Diabetic Retinopathy (DR) is a leading cause of visual impairment globally and the prevalence of Diabetes Retinopathy is increasing at an alarming rate and is more prevalent in working age adults. Globally the prevalence of any DR among diabetes was estimated as 34.6%, while the prevalence for proliferative DR was 6.9% and for diabetic macular edema was 6.81%. The overall prevalence of vision-threatening DR (VTDR) was estimated to be 10.2% .These figures translate to 93 million persons with DR and 28 million with VTDR in a global context.

THE NEED

Compounding this global challenge of diagnosis and treating of DR among people with diabetes, further is the fact that there are estimated 175 million people with diabetes who are undiagnosed and therefore not aware of their health condition including getting their eye examinations to rule out the presence of its most complication such as DR.

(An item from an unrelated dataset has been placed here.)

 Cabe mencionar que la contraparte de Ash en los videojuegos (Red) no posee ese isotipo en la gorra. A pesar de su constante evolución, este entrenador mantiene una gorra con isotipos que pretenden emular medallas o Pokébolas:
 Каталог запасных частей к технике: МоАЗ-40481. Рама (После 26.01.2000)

As per study done by Gilbert C, et al. on Eye Care infrastructure and human resources for managing diabetic retinopathy in India: currently there are 65 million people who are known diabetics and at least 10 % of these are likely to have sight threatening diabetic retinopathy which means that approximately 6,500,000 people with diabetes need a confirmatory diagnosis, treatment and follow –up.

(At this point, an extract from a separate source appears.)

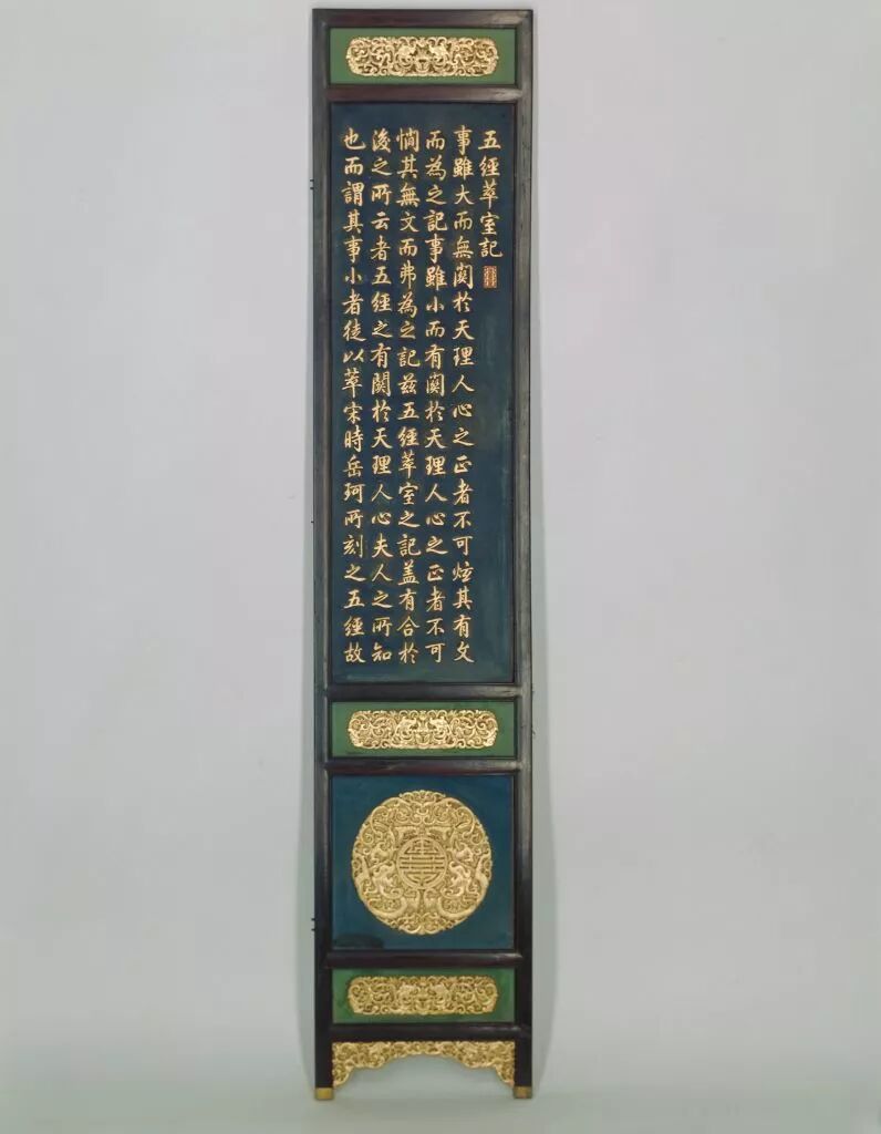 此围屏装饰庄重典雅,图文丰满,别具一格,原为乾清宫东侧昭仁殿内后西室所陈之物,嘉庆年间乾清宫失火,殃及昭仁殿,殿内的岳刻五经连同《五经萃室记》围屏全部被焚毁。如今的五经及《五经萃室记》围屏均为嘉庆时火灾后按原样复制的。

Delivering ophthalmic care at the appropriate time to people with diabetes can become a potential cost effective approach with huge cost saving besides reducing the suffering caused by blindness and vision impairment due to Diabetic Retinopathy.

THE OBJECTIVE

To address and control blindness arising out of diabetic retinopathy, Sankara initiated the Diabetic Retinopathy Program (DRP) with the following objectives:

  • To establish comprehensive diabetic care network across Sankara Eye Foundation India.
  • To reach out to rural population, screen and treat for Diabetic eye disease.
  • Train personnel to screen and raise awareness
  • Use existing outreach screening clinics for identifying patients.
  • To establish a mobile screening camp.
  • Link with rural development NGOs and PHCs to monitor and assist the diabetic patients.

THE APPROACH

  • Door to door screening by field workers.
  • Urine sugar screening at outreach screening clinics.
  • Patients detected with diabetes referred to local satellite centre.
  • Blood sugar evaluation at satellite centre followed by other confirmatory tests.
  • Direct and Indirect ophthalmoscopy Fundus photography.
  • Confirmed cases with Diabetic Retinopathy referred to base hospital
  • Free treatment at Base Hospital.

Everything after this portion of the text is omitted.